Chez Lionel Messi, les gestes les plus simples étaient parfois source de beaucoup de réactions. On est en février 2016 et le FC Barcelone mène 3-1 face au Celta Vigo. Messi, à l'époque, en était à 299 buts en carrière en Liga et, avec un penalty à tirer, semblait prêt à atteindre la barre des 300. Le geste semble normal : Messi fixe le gardien, hésite légèrement avant de s'apprêter à frapper le ballon. Au lieu de cela, il l'a fait rouler sur sa droite, où Luis Suarez s'est engouffré et a marqué le but, portant le score à 4-1 tout en réalisant son propre triplé.

Le monde du football a réagi de manière étonnamment viscérale pour un geste aussi anodin. Un grand nombre de supporters - principalement rassemblés dans l'agglomération madrilène - ont qualifié ce geste d'irrespectueux. La plupart des internautes ont admis qu'il s'agissait juste d'un bon moment de rigolade. Huit ans plus tard, qui s'en soucie ? Le Barça s'est imposé 6 à 1 et Messi a inscrit son 300e but, tandis que le Celta se faisait laminer.

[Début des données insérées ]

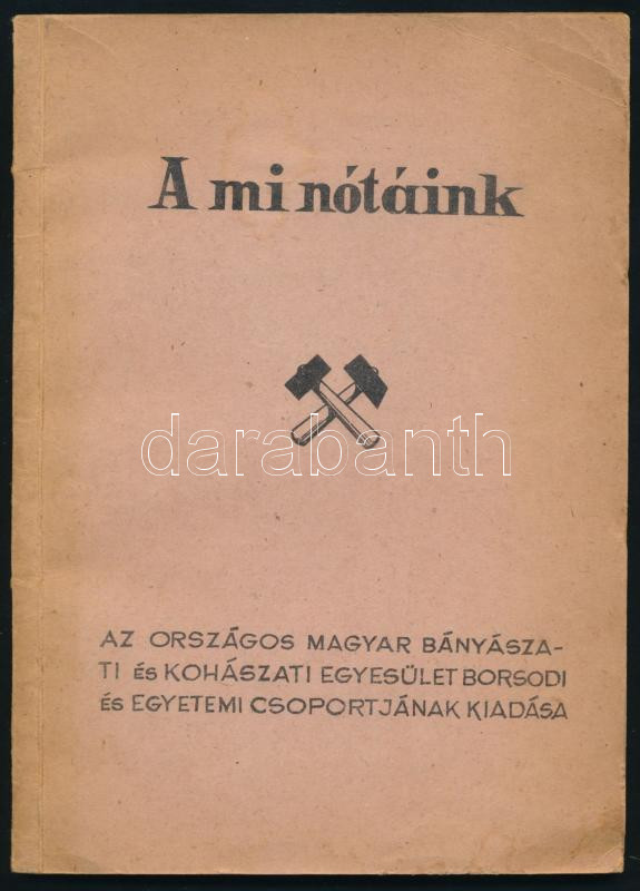 1965 A mi nótáink. Miskolc, Országos Magyar Bányászati és Kohászati Egyesület Borsodi és Egyetemi Csoportja, (3)+40+(1) p. Kiadói papírkötés, kissé foltos borítóval, a címlapon ragasztásnyomokkal.
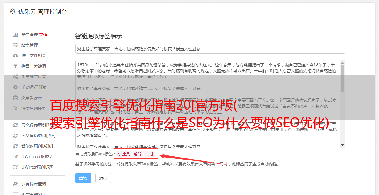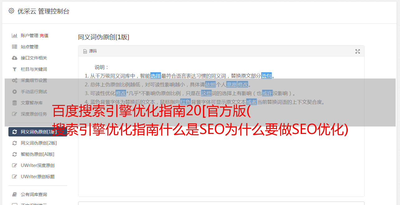 优采云 发布时间: 2021-11-23 15:16百度搜索引擎优化指南20[官方版(

C'est ainsi que le Barça dirigé par Messi, Suarez et Neymar prenait du plaisir. Les buts sont venus à la pelle, et ils étaient tous magnifiquement construits - trois joueurs, se déplaçant de manière coordonnée, aussi heureux de marquer que de faire une passe décisive. Ils savaient tous que, d'une manière ou d'une autre, ils trouveraient le chemin des filets, tant que ce système fluide continuerait à fonctionner.

On peut en dire autant d'autres grands trios offensifs de l'ère moderne. Roberto Firmino, Mohamed Salah et Sadio Mané à Liverpool ; Cristiano Ronaldo, Gareth Bale et Karim Benzema au Real Madrid. Même Wayne Rooney, Carlos Tevez et Ronaldo à Manchester United.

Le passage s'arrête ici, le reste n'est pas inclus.